--- Work instruction ---
Your answer must consist of exactly the lines below, starting with the line with "3.3、二小时后放入切好的胡" and going on through the line with "Priestranná a praktická", and nothing else.

--- Input data ---
[Start of section]
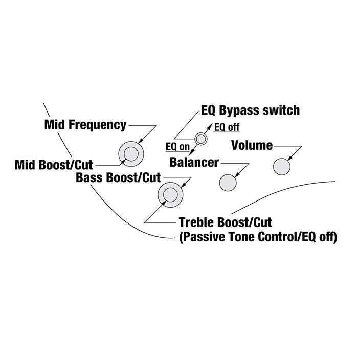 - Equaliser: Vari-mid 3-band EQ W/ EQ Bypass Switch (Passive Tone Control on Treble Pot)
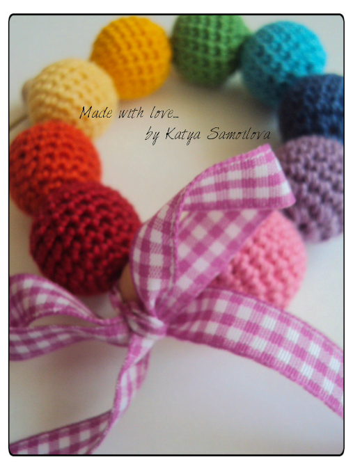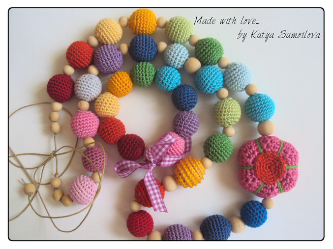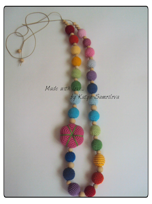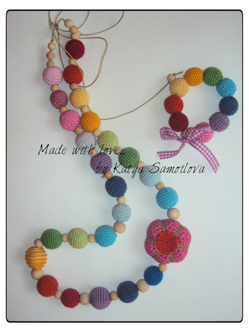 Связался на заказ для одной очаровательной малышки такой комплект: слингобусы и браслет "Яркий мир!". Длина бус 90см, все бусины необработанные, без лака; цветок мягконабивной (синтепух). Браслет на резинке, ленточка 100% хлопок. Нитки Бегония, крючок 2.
[End of section]
[Start of section]
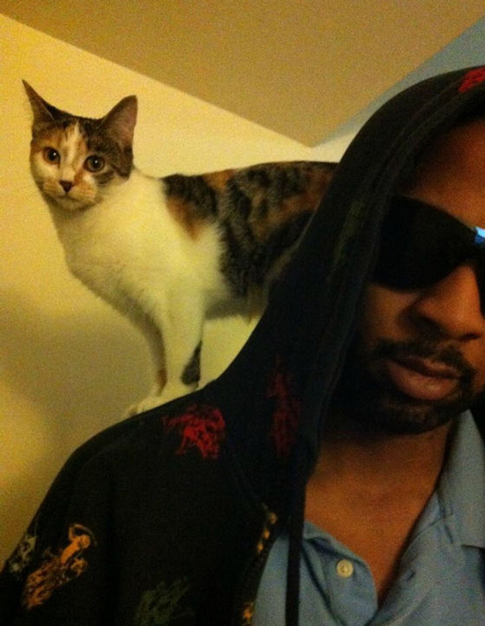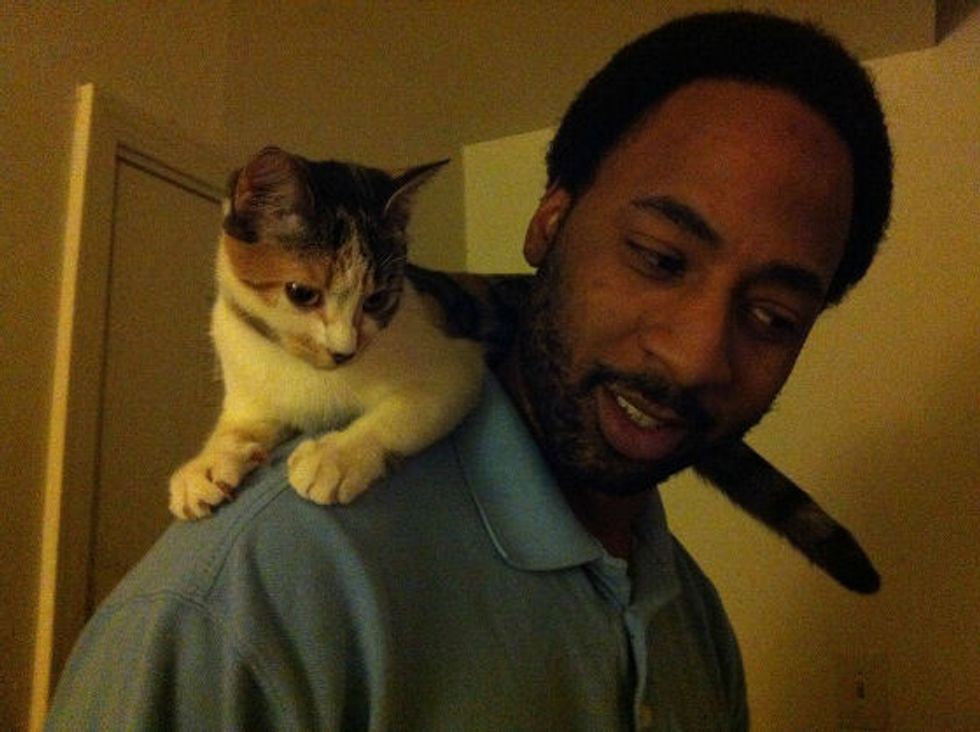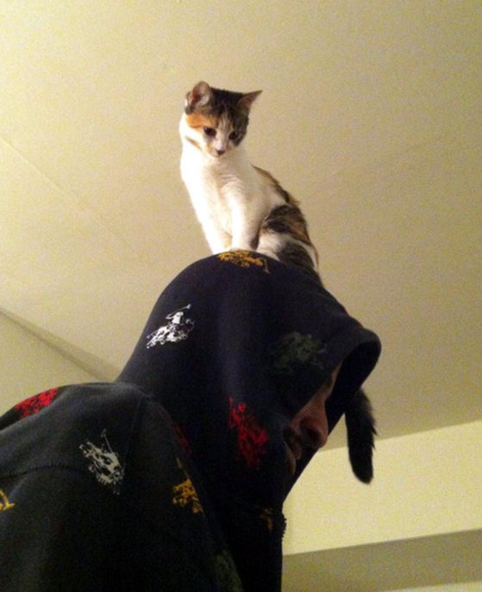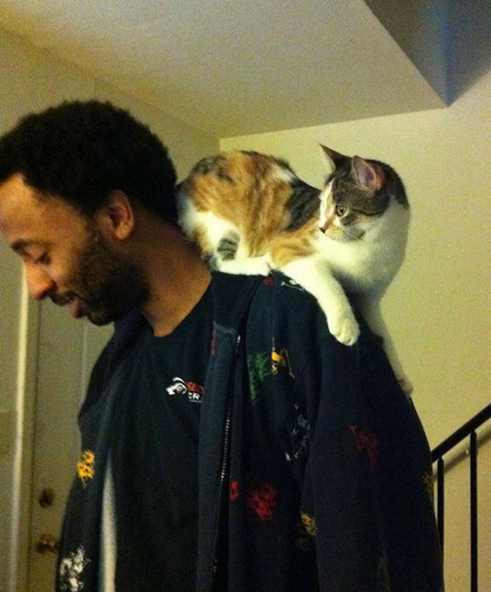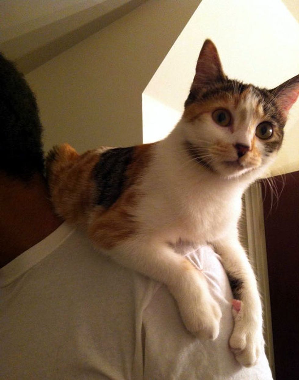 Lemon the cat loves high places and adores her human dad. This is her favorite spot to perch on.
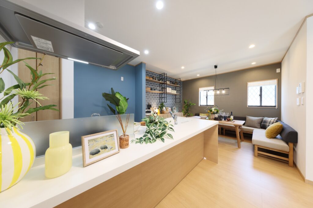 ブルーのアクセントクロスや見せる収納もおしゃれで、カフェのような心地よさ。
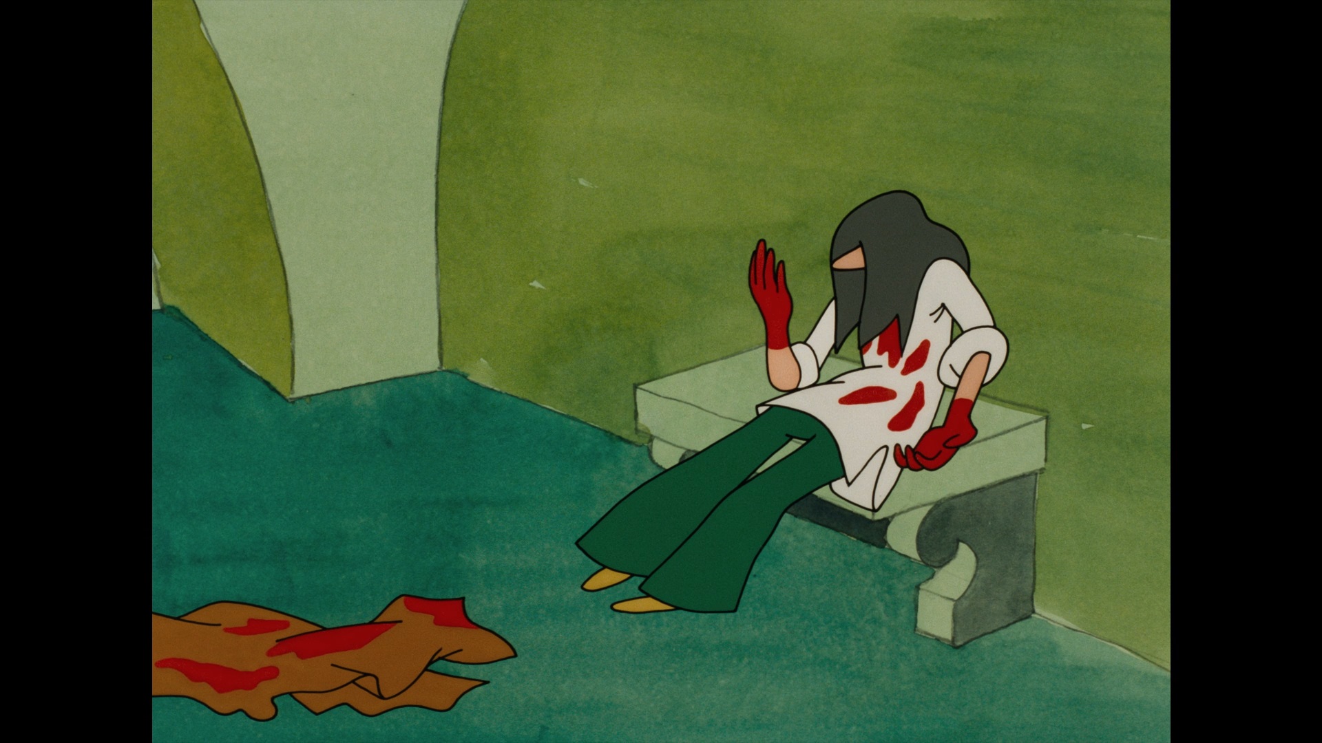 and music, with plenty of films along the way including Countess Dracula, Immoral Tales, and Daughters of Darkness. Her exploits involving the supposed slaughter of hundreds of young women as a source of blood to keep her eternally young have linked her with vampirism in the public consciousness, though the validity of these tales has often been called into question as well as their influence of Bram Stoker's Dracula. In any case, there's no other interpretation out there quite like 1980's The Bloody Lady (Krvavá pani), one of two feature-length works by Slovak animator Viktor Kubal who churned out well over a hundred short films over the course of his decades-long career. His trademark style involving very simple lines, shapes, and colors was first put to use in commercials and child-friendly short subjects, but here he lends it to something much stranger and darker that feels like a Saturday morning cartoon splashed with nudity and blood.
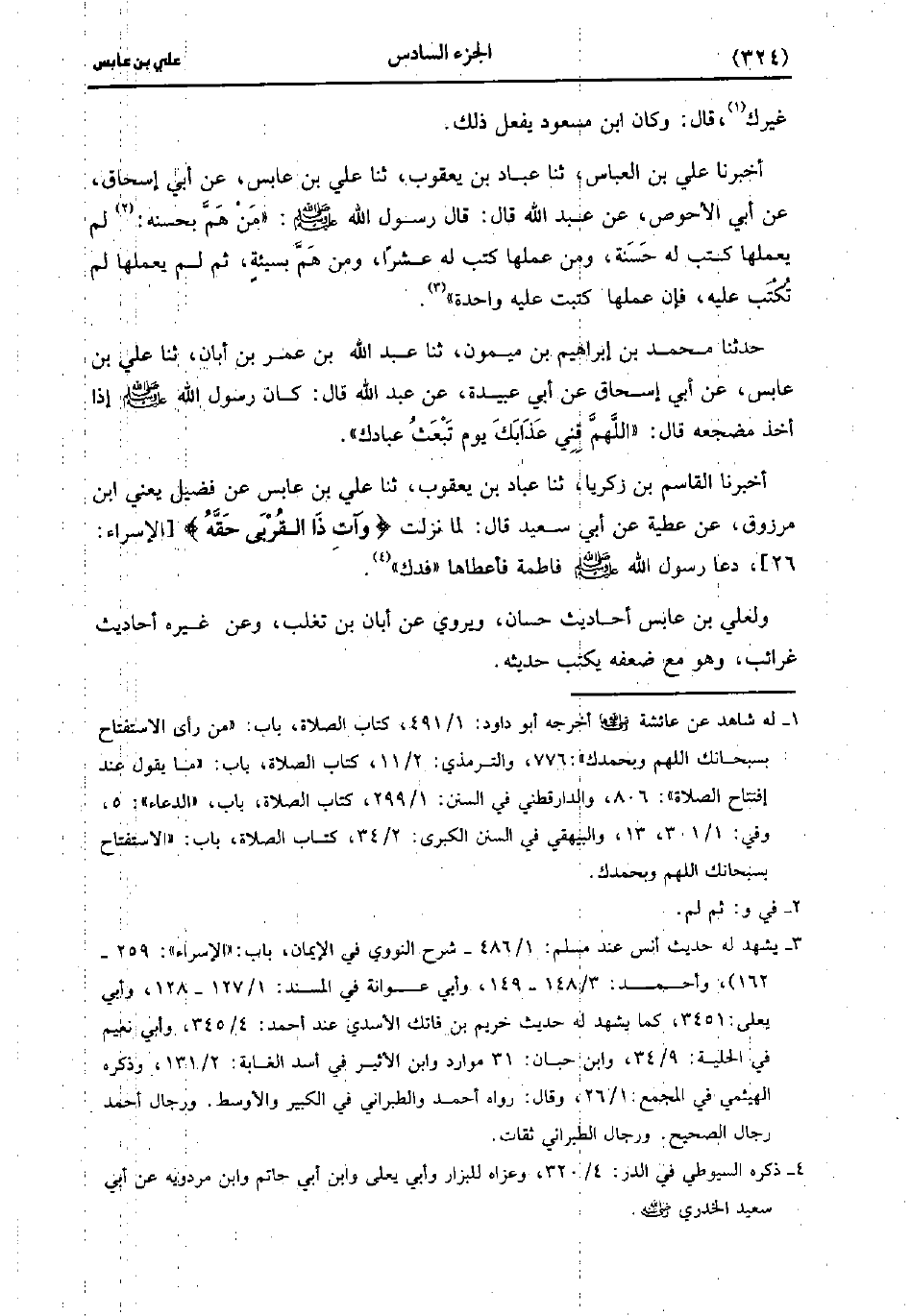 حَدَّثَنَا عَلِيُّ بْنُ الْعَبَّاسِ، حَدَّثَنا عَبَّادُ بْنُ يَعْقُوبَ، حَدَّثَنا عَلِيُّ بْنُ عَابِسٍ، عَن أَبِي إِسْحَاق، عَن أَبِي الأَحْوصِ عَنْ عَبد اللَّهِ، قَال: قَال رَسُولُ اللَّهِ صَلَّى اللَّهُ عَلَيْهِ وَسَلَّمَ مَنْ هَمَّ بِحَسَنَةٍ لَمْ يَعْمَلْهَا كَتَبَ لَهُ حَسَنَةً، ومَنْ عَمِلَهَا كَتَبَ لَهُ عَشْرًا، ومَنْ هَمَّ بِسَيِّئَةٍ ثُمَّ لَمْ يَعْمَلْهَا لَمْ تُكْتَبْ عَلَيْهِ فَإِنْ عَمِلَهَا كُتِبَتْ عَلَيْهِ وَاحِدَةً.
[End of section]
[Start of section]
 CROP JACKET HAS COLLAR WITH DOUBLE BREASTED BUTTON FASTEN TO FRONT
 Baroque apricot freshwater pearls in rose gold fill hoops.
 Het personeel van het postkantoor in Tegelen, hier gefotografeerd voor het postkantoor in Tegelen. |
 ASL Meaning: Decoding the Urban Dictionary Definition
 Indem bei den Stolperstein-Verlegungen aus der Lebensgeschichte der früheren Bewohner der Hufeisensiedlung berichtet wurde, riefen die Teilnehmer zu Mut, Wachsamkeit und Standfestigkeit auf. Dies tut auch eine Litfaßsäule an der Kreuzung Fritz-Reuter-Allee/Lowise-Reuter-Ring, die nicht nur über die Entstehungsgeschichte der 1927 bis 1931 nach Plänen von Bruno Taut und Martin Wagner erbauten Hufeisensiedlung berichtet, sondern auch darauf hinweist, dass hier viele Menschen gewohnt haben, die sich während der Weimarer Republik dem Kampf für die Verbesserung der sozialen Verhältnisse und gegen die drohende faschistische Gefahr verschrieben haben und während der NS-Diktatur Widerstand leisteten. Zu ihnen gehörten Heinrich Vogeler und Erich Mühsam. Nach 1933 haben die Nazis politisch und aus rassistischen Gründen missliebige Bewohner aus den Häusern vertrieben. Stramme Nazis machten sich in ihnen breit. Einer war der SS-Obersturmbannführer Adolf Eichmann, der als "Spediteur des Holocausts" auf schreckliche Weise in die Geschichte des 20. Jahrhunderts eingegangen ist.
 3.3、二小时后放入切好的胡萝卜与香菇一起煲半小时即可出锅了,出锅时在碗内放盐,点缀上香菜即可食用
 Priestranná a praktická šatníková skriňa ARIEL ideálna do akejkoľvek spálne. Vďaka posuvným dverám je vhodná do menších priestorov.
[End of section]
--- Response to the task ---
 3.3、二小时后放入切好的胡萝卜与香菇一起煲半小时即可出锅了,出锅时在碗内放盐,点缀上香菜即可食用
 Priestranná a praktická šatníková skriňa ARIEL ideálna do akejkoľvek spálne. Vďaka posuvným dverám je vhodná do menších priestorov.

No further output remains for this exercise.